Le succès de cette démarche repose avant tout sur la transparence entre partenaires : partager les coûts réels, les volumes et construire ensemble un équilibre cohérent entre prix, qualité et délai.
La relocalisation n’est pas une consultation standard.
On ne peut pas envoyer un plan et attendre un prix.
Elle exige des échanges techniques, de la confiance et une réelle volonté de construire ensemble.
Notre travail de sourcing consiste à identifier des fournisseurs ouverts à la co-construction, prêts à faire évoluer leurs méthodes et leur propre chaîne d’approvisionnement.
C’est cette volonté partagée d’adaptation qui a rendu possible le rapatriement de nombreuses références depuis la Chine vers la France.
Deux partenaires illustrent particulièrement cette dynamique : InoxyFrance et AB Précision.
InoxyFrance : « La proximité a une vraie valeur »
Basée dans le Nord, InoxyFrance est spécialisée dans la découpe laser, le pliage et l’usinage de pièces métalliques.
Son dirigeant, Guillaume Carrette, a accompagné notre démarche en restructurant sa chaîne d’approvisionnement et en challengant ses partenaires, notamment sur le fraisage, afin d’identifier ceux capables de répondre aux bons niveaux de coût et de délai.
Il estime que ces initiatives sont essentielles pour redonner à l’industrie française sa compétitivité :
« Ce qui fera la pérennité des structures, c’est leur capacité à s’ouvrir, à se remettre en question et à se challenger. Si on reste figés dans le “on a toujours fait comme ça”, on n’avance pas. »
L’entreprise réfléchit désormais à intégrer davantage de capacités d’usinage en interne pour gagner en réactivité et en maîtrise des délais.

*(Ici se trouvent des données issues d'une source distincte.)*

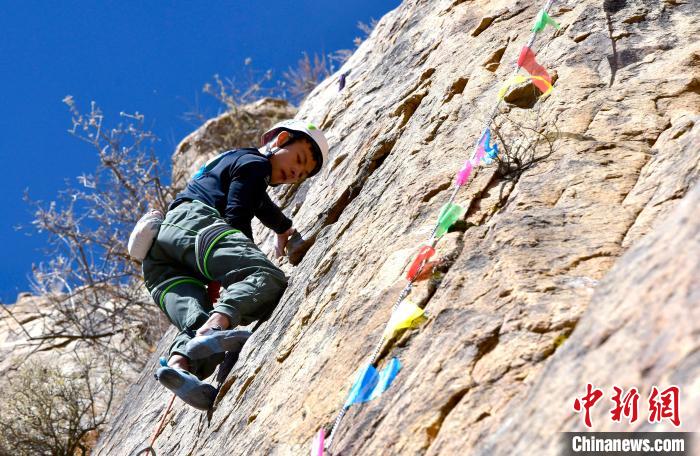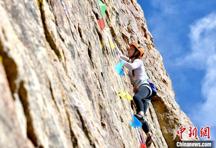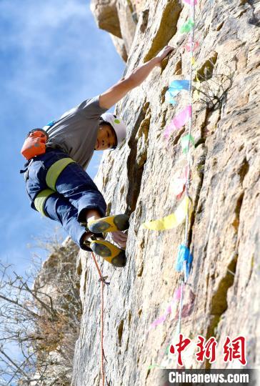 11月17日,2024年西藏自治區(qū)攀巖自然巖壁公開賽決賽在拉薩市城關(guān)區(qū)奪底街道吉倉自然巖壁場地舉行。本次賽事共有來自全國的55名選手參賽,分預(yù)賽和決賽兩輪。圖為參賽選手劉亞豪決賽中。中新社記者 李林 攝
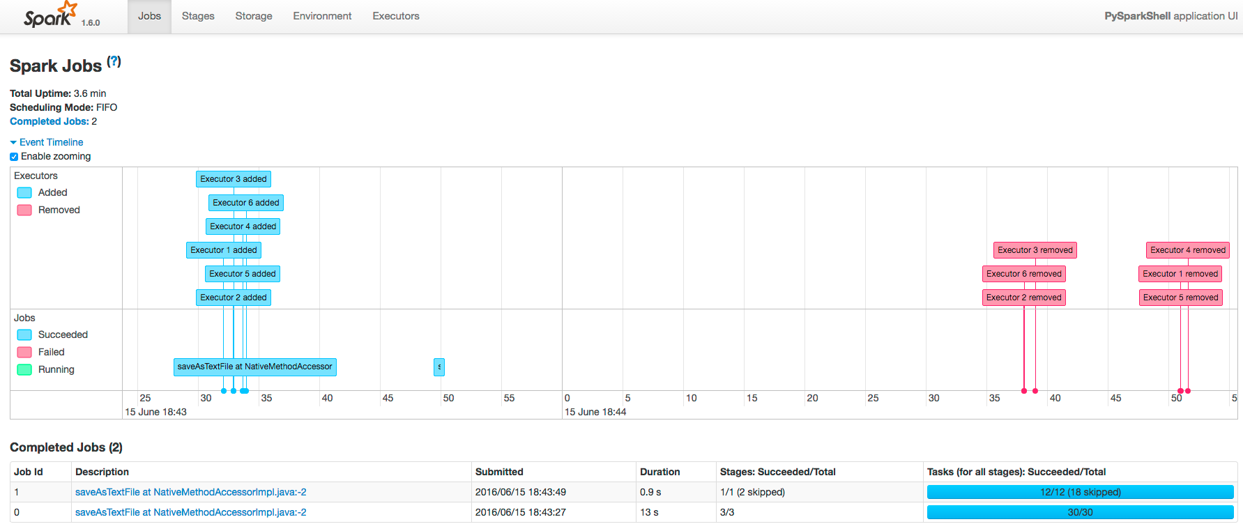 The following screenshot shows the timeline of the events in the application including the jobs that were run and the allocation and deallocation of executors. Each job shows the last action, saveAsTextFile, run for the job. The timeline shows that the application acquires executors over the course of running the first job. After the second job finishes, the executors become idle and are returned to the cluster.
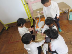 転がしてみて、ビー玉が止まると、「ここでぶつかるでや!」と、ハサミで切ったり、「ガムテープ貼りすぎると、ビー玉が引っかかる」ということに気づいて友達に伝えたりしています。
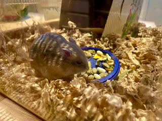 Sam is nervous and does not want to come until we know Robin's status. He was due to come over this afternoon bringing various things we need, including a cage for - yes! - Hamlet the hamster. When I got to the pet store at noon, I learned they'd sold 5 hamsters already this morning, and I bought the last! Thank heavens I got there in time. He's happily ensconced in a temporary cage with seeds, water, a cardboard house, and a toilet roll to chew.
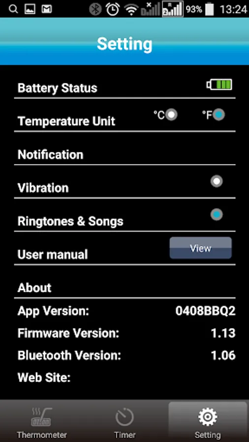 - The App can display temperature in ℃ or ℉ and is user selectable.
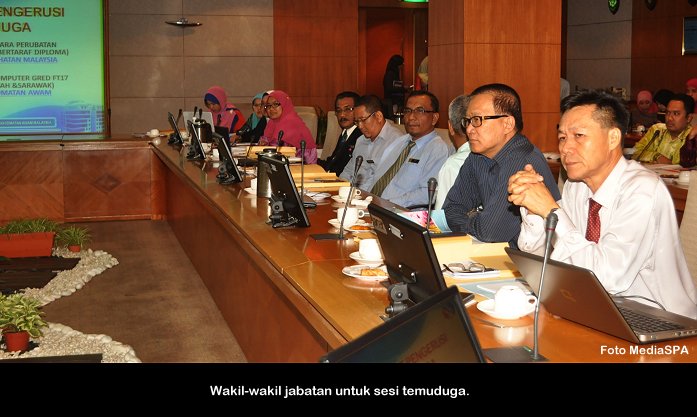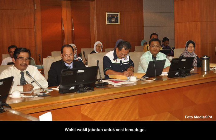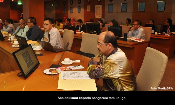 PUTRAJAYA, 23 Okt------ Pengerusi S.P.A Tan Sri Mahmood Adam hari ini berkata, panel temu duga serta wakil jabatan mestilah menjalankan sesi temu duga calon-calon mengikut kaedah yang telah ditetapkan oleh Suruhanjaya Perkhidmatan Awam. “Ikutlah garis panduan yang telah ditetapkan oleh S.P.A, apabila menjalankan sesi temu duga”. Katanya lagi “temu duga dengan menggunakan kaedah Competency Base Interview (CBI) adalah cara terbaik untuk menguji seseorang calon”. Beliau berkata demikian pada sesi taklimat kepada pengerusi-pengerusi temu duga untuk jawatan Latihan Separa Perubatan Bertaraf Diploma dan Juruteknik Komputer Gred FT17, di Putrajaya petang tadi. Menurutnya lagi S.P.A tidak mahu nanti dipersalahkan apabila panel temu duga melantik calon yang bermasalah.”Rujuklah kepada S.P.A dahulu apabila menghadapi sebarang masalah”. Sesi temu duga bagi Latihan Separa Perubatan akan bermula pada 27 Oktober 2014 hingga 7 November 2014. ------MediaSPA

InoxyFrance fabrique aujourd’hui plusieurs pièces en aluminium pour nos convoyeurs robotiques.
Composant du convoyeur intégré dans le Bundle Discovery Niryo, usiné par InoxyFrance
Pour Guillaume Carrette, la valeur du Made in France dépasse largement le simple prix unitaire :
« Être au même prix qu’un fournisseur asiatique a encore plus de valeur pour le client. On gagne en proximité, en réactivité et en confiance. Et en cas de problème, la solution est à 50 kilomètres, pas à 10 000. »
AB Précision : « Relocaliser, c’est possible »

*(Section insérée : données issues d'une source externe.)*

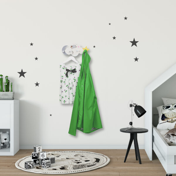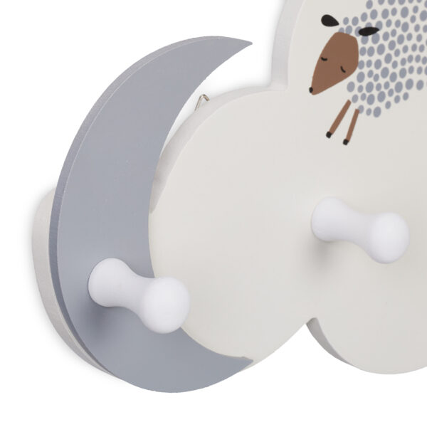 Kabliukų lentyna sukurta su mielu debesų, mėnulio ir žvaigždžių motyvu, kuris primena naktinį dangų. Šis dizainas neabejotinai privers vaikų širdeles plakti greičiau ir suteiks kambariui žaismingumo.

Basée en région lyonnaise, AB Précision est spécialisée dans l’usinage numérique de précision pour la robotique, l’automobile, le médical et le laser.
Elle fournit désormais la base du robot Ned2 ainsi que des accessoires du bundle éducation, auparavant importés de Chine.
Composants du robot éducatif Ned2 – usinés par AB Précision
Ce qui a convaincu son dirigeant, Alexandre Billon, tient autant à la dimension humaine du projet qu’à la fierté industrielle qu’il représente :
« Contribuer à la réussite d’une jeune entreprise française de robotique est une vraie motivation. C’est une réelle satisfaction que cela puisse être fabriqué en France. »
La collaboration s’est construite sur une base de transparence et de confiance.
« Niryo nous a transmis les plans, les volumes, un prix cible, et nous avons regardé ensemble où nous pouvions nous aligner. L’approche était directe, honnête, sans surenchère. »
Alexandre Billon souligne que la différence avec l’Asie ne se joue plus sur la qualité, mais sur la capacité à optimiser les coûts et à garantir la traçabilité.
AB Précision s’appuie sur des atouts structurels solides : une traçabilité totale des matières premières et des investissements continus dans des machines d’usinage de dernière génération, qui renforcent à la fois sa compétitivité et la qualité de ses productions.
Cette rigueur industrielle lui permet d’offrir des produits fiables, compétitifs et 100 % traçables.
Pour Alexandre Billon, le Made in France ne se décrète pas. Il se construit collectivement :
« Il faut se battre pour développer sa société, mais aussi travailler main dans la main avec les fabricants. C’est comme ça qu’on ramènera des pièces en France. »
Une souveraineté construite sur l’équilibre
Avec cette politique de sourcing, nous démontrons qu’il est possible de concevoir une robotique compétitive, accessible et Made in France, à condition que fabricants et fournisseurs fassent ensemble les efforts nécessaires.
La souveraineté industrielle n’est pas une idéologie. C’est une stratégie d’équilibre.
Elle se construit par des choix précis, assumés et cohérents, composant par composant.